▸ **TRY IT**: Once the images are removed, set down everything else in the listing below exactly.

▸ **SUPPLIED MATERIAL**:
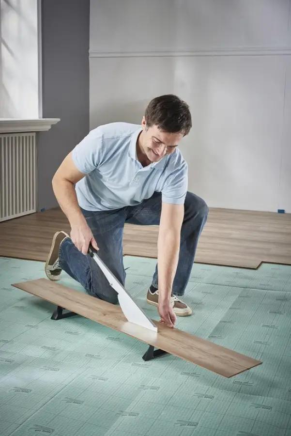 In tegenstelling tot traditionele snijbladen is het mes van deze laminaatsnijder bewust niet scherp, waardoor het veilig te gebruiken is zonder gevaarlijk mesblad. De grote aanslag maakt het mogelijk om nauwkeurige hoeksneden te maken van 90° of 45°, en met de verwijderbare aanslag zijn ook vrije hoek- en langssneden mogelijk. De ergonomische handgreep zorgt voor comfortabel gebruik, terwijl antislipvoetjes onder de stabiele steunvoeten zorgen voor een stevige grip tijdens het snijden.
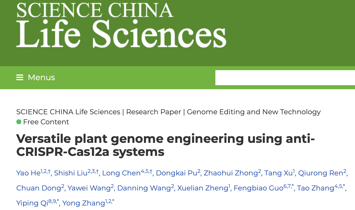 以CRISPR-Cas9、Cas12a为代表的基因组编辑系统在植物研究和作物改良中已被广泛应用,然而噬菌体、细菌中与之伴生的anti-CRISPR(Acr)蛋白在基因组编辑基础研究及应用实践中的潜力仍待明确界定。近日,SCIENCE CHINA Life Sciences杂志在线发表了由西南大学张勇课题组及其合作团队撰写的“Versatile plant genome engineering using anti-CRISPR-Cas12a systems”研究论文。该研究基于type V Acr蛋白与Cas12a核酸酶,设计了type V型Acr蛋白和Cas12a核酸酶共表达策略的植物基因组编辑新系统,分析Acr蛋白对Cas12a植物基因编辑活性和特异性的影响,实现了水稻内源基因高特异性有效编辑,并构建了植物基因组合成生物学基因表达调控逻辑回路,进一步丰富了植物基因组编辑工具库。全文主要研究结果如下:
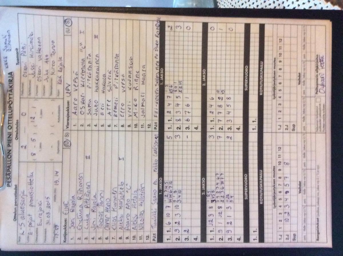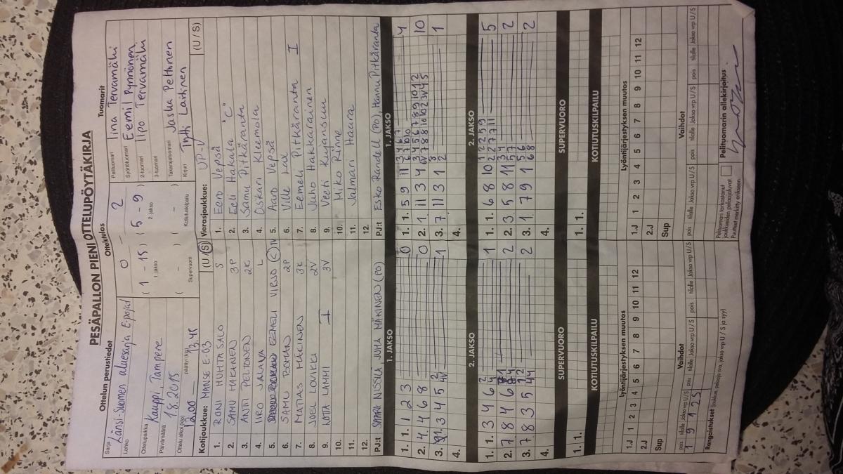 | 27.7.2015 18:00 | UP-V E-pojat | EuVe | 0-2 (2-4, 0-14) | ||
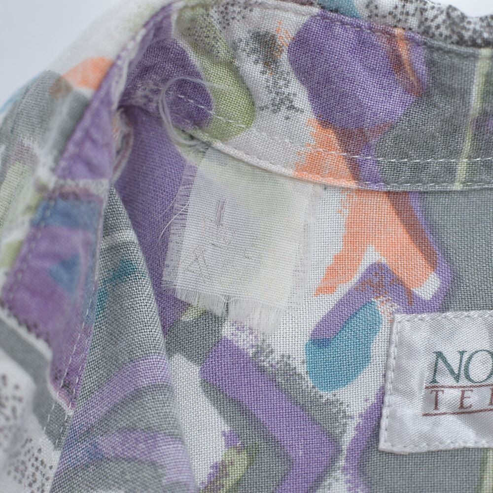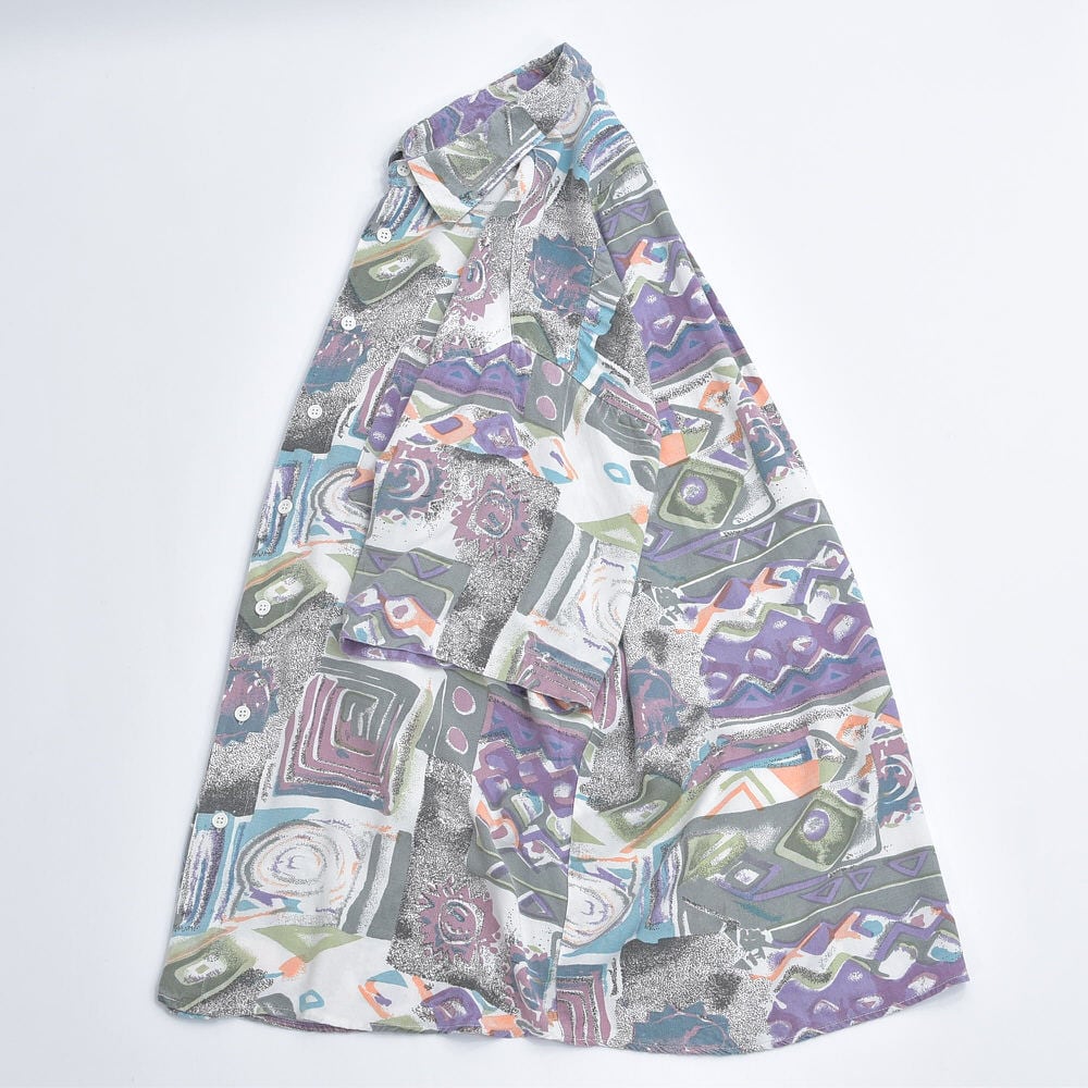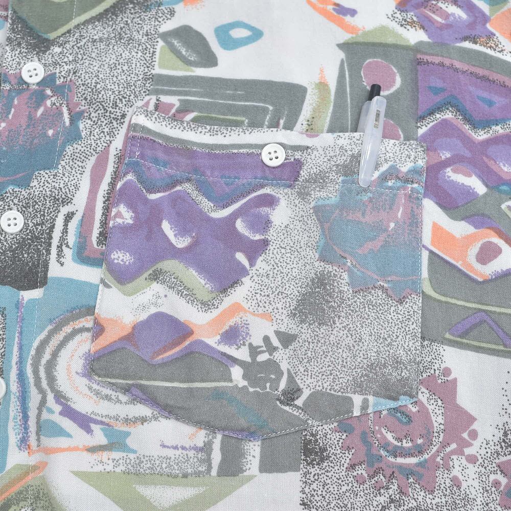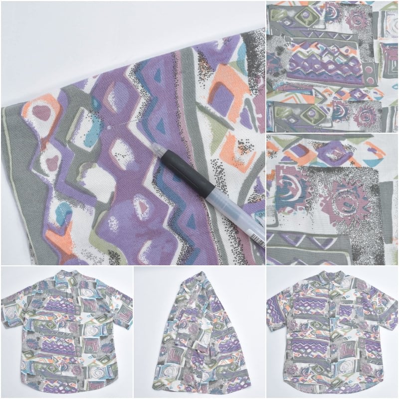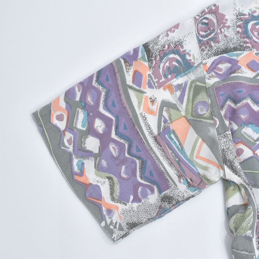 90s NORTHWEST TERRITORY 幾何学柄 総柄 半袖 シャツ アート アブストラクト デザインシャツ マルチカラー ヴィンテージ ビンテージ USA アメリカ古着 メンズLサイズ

▸ **SOLUTION**:
 In tegenstelling tot traditionele snijbladen is het mes van deze laminaatsnijder bewust niet scherp, waardoor het veilig te gebruiken is zonder gevaarlijk mesblad. De grote aanslag maakt het mogelijk om nauwkeurige hoeksneden te maken van 90° of 45°, en met de verwijderbare aanslag zijn ook vrije hoek- en langssneden mogelijk. De ergonomische handgreep zorgt voor comfortabel gebruik, terwijl antislipvoetjes onder de stabiele steunvoeten zorgen voor een stevige grip tijdens het snijden.
 以CRISPR-Cas9、Cas12a为代表的基因组编辑系统在植物研究和作物改良中已被广泛应用,然而噬菌体、细菌中与之伴生的anti-CRISPR(Acr)蛋白在基因组编辑基础研究及应用实践中的潜力仍待明确界定。近日,SCIENCE CHINA Life Sciences杂志在线发表了由西南大学张勇课题组及其合作团队撰写的“Versatile plant genome engineering using anti-CRISPR-Cas12a systems”研究论文。该研究基于type V Acr蛋白与Cas12a核酸酶,设计了type V型Acr蛋白和Cas12a核酸酶共表达策略的植物基因组编辑新系统,分析Acr蛋白对Cas12a植物基因编辑活性和特异性的影响,实现了水稻内源基因高特异性有效编辑,并构建了植物基因组合成生物学基因表达调控逻辑回路,进一步丰富了植物基因组编辑工具库。全文主要研究结果如下:
 | 27.7.2015 18:00 | UP-V E-pojat | EuVe | 0-2 (2-4, 0-14) | ||
 90s NORTHWEST TERRITORY 幾何学柄 総柄 半袖 シャツ アート アブストラクト デザインシャツ マルチカラー ヴィンテージ ビンテージ USA アメリカ古着 メンズLサイズ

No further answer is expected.